Теперь она была убеждена, что ее оценка ситуации правильна. Поведение Лайэна в послеполуденное время, когда он показывал ей окрестности, в точности соответствовало всем ее расчетам. Его глаза, казалось, не отрывались от ее лица, когда он рассказывал бесчисленные занимательные истории о делах своих арендаторов, и, несмотря на то, что она знала о том, что он, безусловно, просто льстит ей, стараясь достичь намеченного, она была не в силах преодолеть удовольствие, которое получала от его нарочитого преувеличения забавных ситуаций, возникавших, когда чужаки встречались с нелогичным мышлением местных жителей. Даже теперь, вспоминая случаи, о которых он ей рассказывал, она с трудом подавляла наступавшие приливы смеха. Невероятно, но она слушала, как он с бесстрастным лицом повествовал ей о туристе-американце, который ехал, наслаждаясь мирными сельскими видами, и внезапно увидел, что путь ему преграждает шлагбаум, вернее, одна половина шлагбаума. Он в нерешительности стал дожидаться, когда опустится и вторая половина шлагбаума, как обычно при приближении поезда, или же, наоборот, поднимется закрытая половина, перегораживавшая ему путь. Но ничего не произошло. Наконец, устав ждать, он нажал на клаксон и сигналил до тех пор, пока из сторожевой будки не вышел Пэдди[4] Мерфи.

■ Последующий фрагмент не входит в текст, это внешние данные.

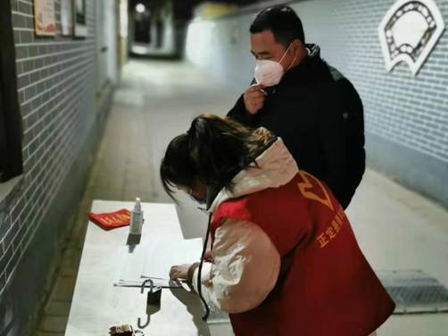 对每一个进出社区的人都进行详细的询问、测温和登记,严把进门和出门两道关卡,同时劝阻居民群众少出门。除了排查信息,她还帮助社区工作人员发放防疫明白纸和出入卡,协助社区工作人员进行防疫宣传工作。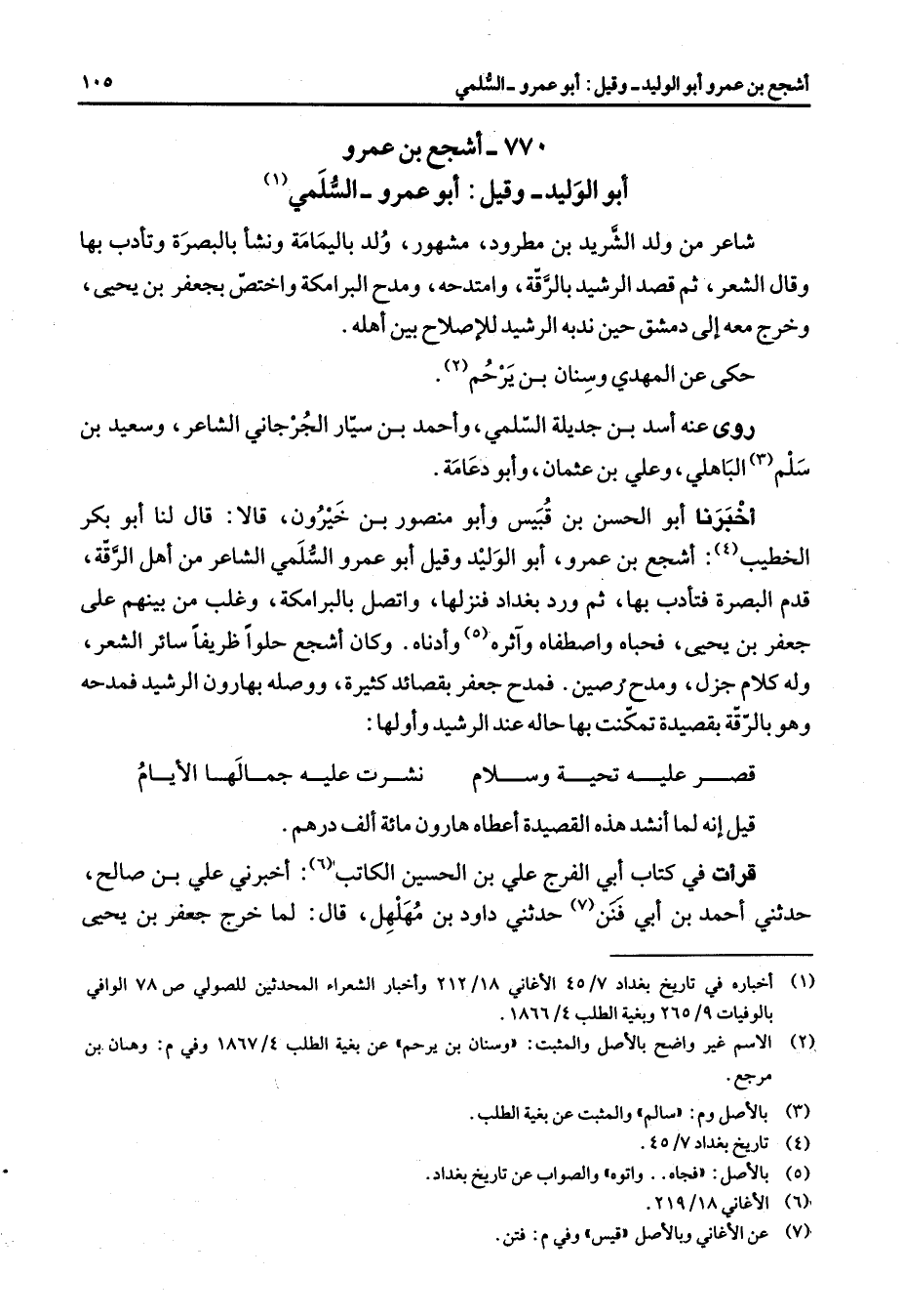 770 - أشجع بن عمرو أبو الوليد وقيل أبو عمرو السلمي (1) شاعر من ولد الشريد بن مطرود مشهور ولد باليمامة ونشأ بالبصرة وتأدب بها وقال الشعر ثم قصد الرشيد بالرقة وامتدحه ومدح البرامكة واختص بجعفر بن يحيى وخرج معه إلى دمشق حين ندبه الرشيد للإصلاح بين أهله حكى عن المهدي وسنان بن يرحم (2) روى عنه أسد بن جديلة السلمي وأحمد بن سيار الجرجاني الشاعر وسعيد بن سلم (3) الباهلي وعلي بن عثمان وأبو دعامة أخبرنا أبو الحسن بن قبيس وأبو منصور بن خيرون قالا قال لنا أبو بكر الخطيب (4) أشجع بن عمرو أبو الوليد وقيل أبو عمرو السلمي الشاعر من أهل الرقة قدم البصرة فتأدب بها ثم ورد بغداد فنزلها واتصل بالبرامكة وغلب من بينهم على جعفر بن يحيى فحباه واصطفاه وآثره (5) وأدناه وكان أشجع حلوا ظريفا سائر الشعر وله كلام جزل ومدح رصين فمدح جعفر بقصائد كثيرة ووصله بهارون الرشيد فمدحه وهو بالرقة بقصيدة تمكنت بها حاله عند الرشيد وأولها * قصر عليه تحية وسلام * نشرت عليه جمالها الأيام * قيل أنه لما أنشد هذه القصيدة أعطاه هارون مائة ألف درهم قرأت في كتاب أبي الفرج علي بن الحسين الكاتب (6) أخبرني علي بن صالح حدثني أحمد بن أبي فنن (7) حدثني داود بن مهلهل قال لما خرج جعفر بن يحيى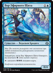 | Rules | Flash (You may cast this spell any time you could cast an instant.) Whenever Shielded Aether Thief blocks, you get (an energy counter). , Pay : Draw a card. |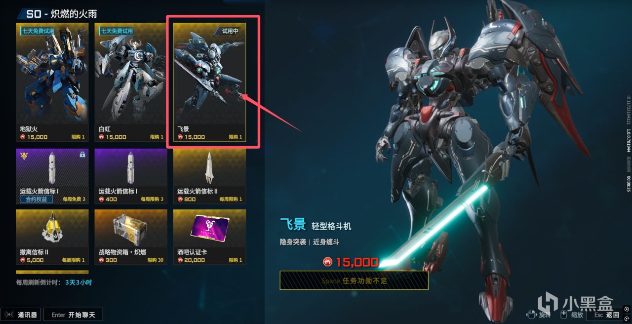 在公測的3個新機甲中,我唯一體驗了飛景。因爲它是唯一一款輕型的格鬥機,超高的機動性和隱身,以及高額的傷害,讓它成爲了切後排的利甲。
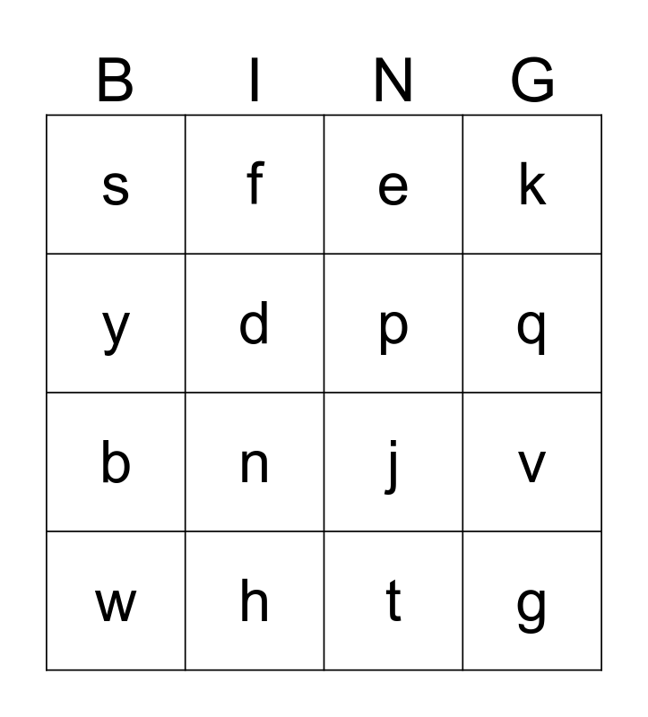This bingo card has 27 words: Free!, a, b, c, d, e, f, g, h, i, j, k, l, m, n, o, p, q, r, s, t, u, v, w, x, y and z.

«Слушай, парень! — воскликнул американец, когда Пэдди приблизился к нему, — что за задержка?»

Пэдди почесал в голове: «Задержка? Какая задержка?»

Американец был близок к инсульту. «Шлагбаум, парень, шлагбаум!» — крикнул он, энергично указывая на преграду. — Почему он только наполовину открыт?

Глаза Пэдди полезли вверх, он кое-что понял: «Ах это! — он явно выражал свое презрение к неосведомленности американца. — Если сказать правду, я просто наполовину ожидаю поезд!»

Джорджина почувствовала себя совершенно глупо, когда громкий хохот дяди вернул ее к действительности, и она поняла, что смотрит в свою тарелку с глупой пустой ухмылкой.

— Что тебя развеселило, милая? — пристал он к ней, и его широкая улыбка показывала, насколько он доволен.

Она слегка покраснела и посмотрела на Лайэна, который сидел во главе стола, но тотчас отвела взгляд, когда увидела огоньки удовольствия в его глазах. Какой дурочкой она должна казаться ему, уязвимой дурочкой, которой легко вскружить голову красноречием. Мысленно она вызывала и вызвала тот гнев, который охватывал ее в минуты слабости и который позволил ей чарующе улыбнуться им обоим.

— Я вернулась мыслями к чудесному дню, дядя, — с легкостью солгала она. Она не показала, что заметила быстрый триумфальный взгляд, брошенный Майклом через стол на Лайэна, который, хотя она и не смотрела на адресата, но была уверена, подмигнул дяде в ответ. Внезапная волна уныния навалилась на нее, и она почувствовала себя смертельно усталой. Ее усталость, вероятно, проявилась в изможденной бледности лица, потому что Лайэн быстро вскочил с кресла и наклонился над ней.

— Тебе плохо, Джина? — участливо спросил он, а его глубокие голубые глаза с беспокойством осматривали ее бледное лицо. Выражение озабоченности на его лице казалось непритворным, однако она была слишком подавлена, чтобы отметить это. Ее желанием были сон и уединение, так что все, что она могла, это прошептать:

— Прошу извинить меня, день был очень длинным, я пойду к себе.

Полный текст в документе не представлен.